Produce a verbatim copy of the records, and keep the images out of it.

### RECORDS SHOWN ###

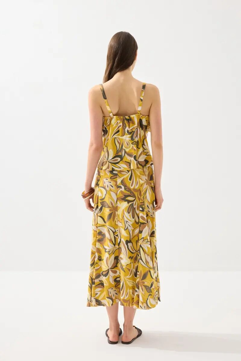 Desenli Askılı Bluz & Hasır Kemerli Uzun Keten Etek - Sarı
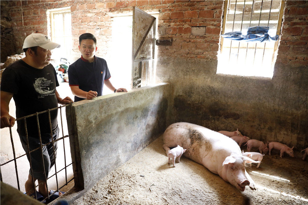 6月16日,趙少輝(右)在貧困戶盤良嫩的豬場(chǎng)了解情況。新華社記者 黃國保 攝
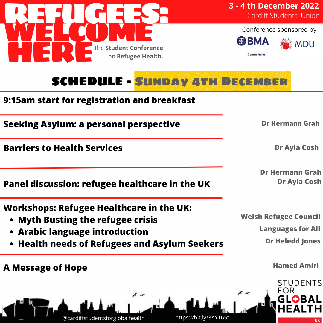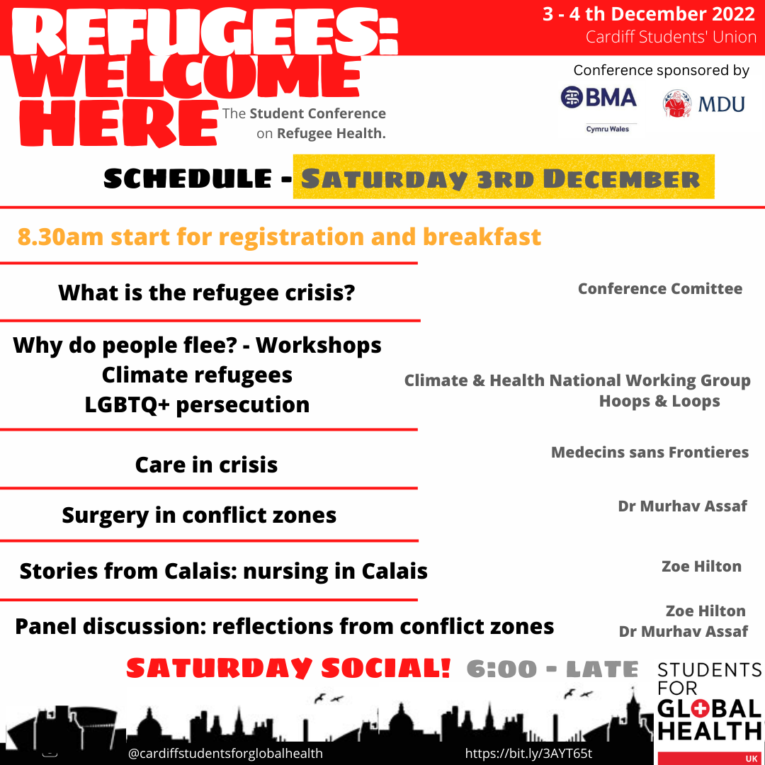 Our conference - Refugees Welcome Here - will highlight the different aspects of the refugee journey whilst aiming to educate attendees on the reasons people flee their homes, the steps in their difficult journeys, and the barriers refugees face to accessing healthcare here in the UK. We have an amazing lineup of speakers and workshops including MSF and the bestselling author Hamed Amiri.
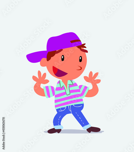 Fototapeta premium Pleasantly surprised cartoon character of little boy on jeans.
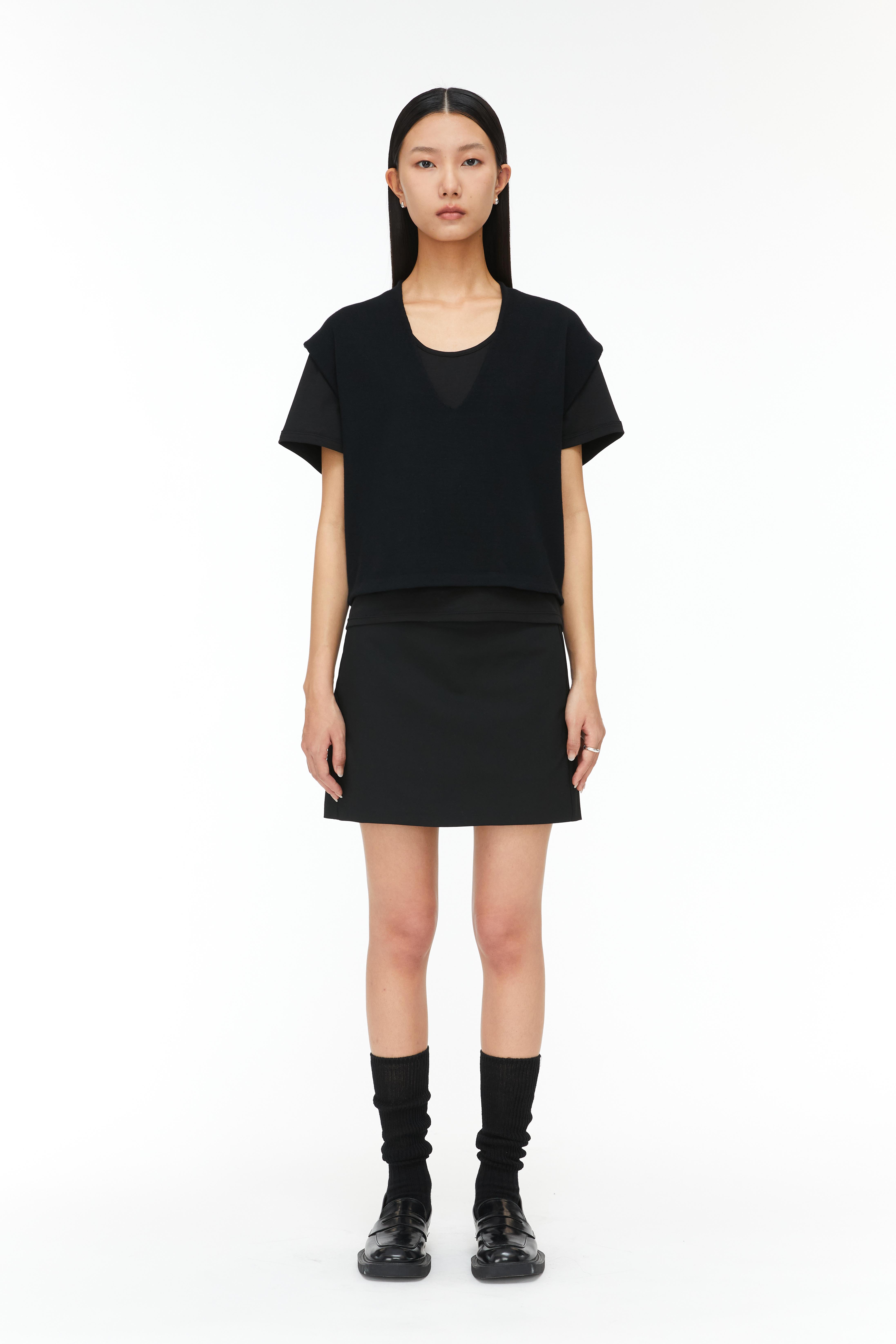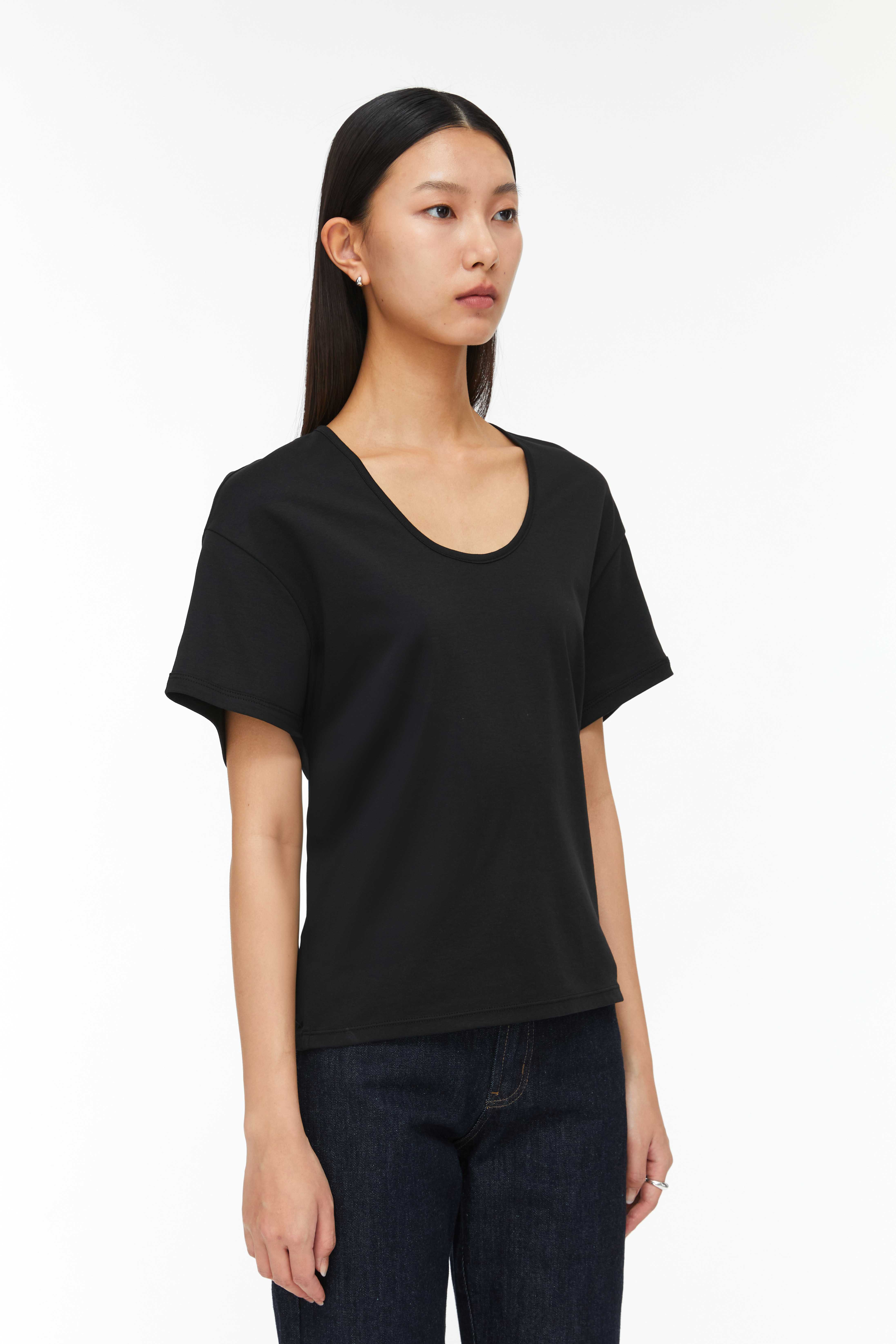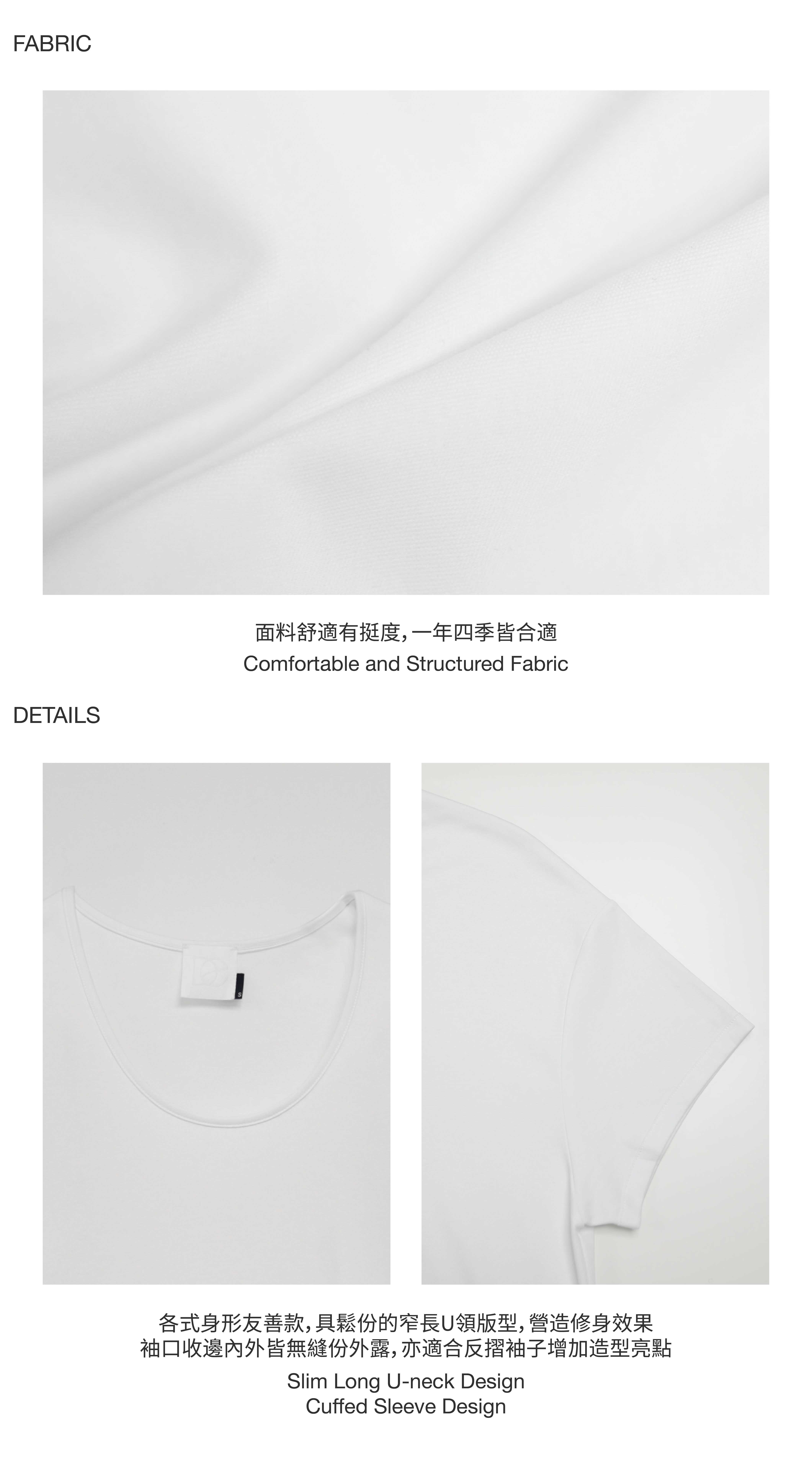 C-line -The inverted ladder version with loose content can modify the body shape and create a slender feeling. -U-neck design modifies the lines of the shoulders, neck and clavicle, and can be worn with a jacket to moderately reveal skin. -The fabric is comfortable and stiff, suitable for all seasons -The cuffs are seamlessly exposed both inside and outside, and are also suitable for folded sleeves to add styling highlights

###

* **TASK RESULT**:
 Desenli Askılı Bluz & Hasır Kemerli Uzun Keten Etek - Sarı
 6月16日,趙少輝(右)在貧困戶盤良嫩的豬場(chǎng)了解情況。新華社記者 黃國保 攝
 Our conference - Refugees Welcome Here - will highlight the different aspects of the refugee journey whilst aiming to educate attendees on the reasons people flee their homes, the steps in their difficult journeys, and the barriers refugees face to accessing healthcare here in the UK. We have an amazing lineup of speakers and workshops including MSF and the bestselling author Hamed Amiri.
 Fototapeta premium Pleasantly surprised cartoon character of little boy on jeans.
 C-line -The inverted ladder version with loose content can modify the body shape and create a slender feeling. -U-neck design modifies the lines of the shoulders, neck and clavicle, and can be worn with a jacket to moderately reveal skin. -The fabric is comfortable and stiff, suitable for all seasons -The cuffs are seamlessly exposed both inside and outside, and are also suitable for folded sleeves to add styling highlights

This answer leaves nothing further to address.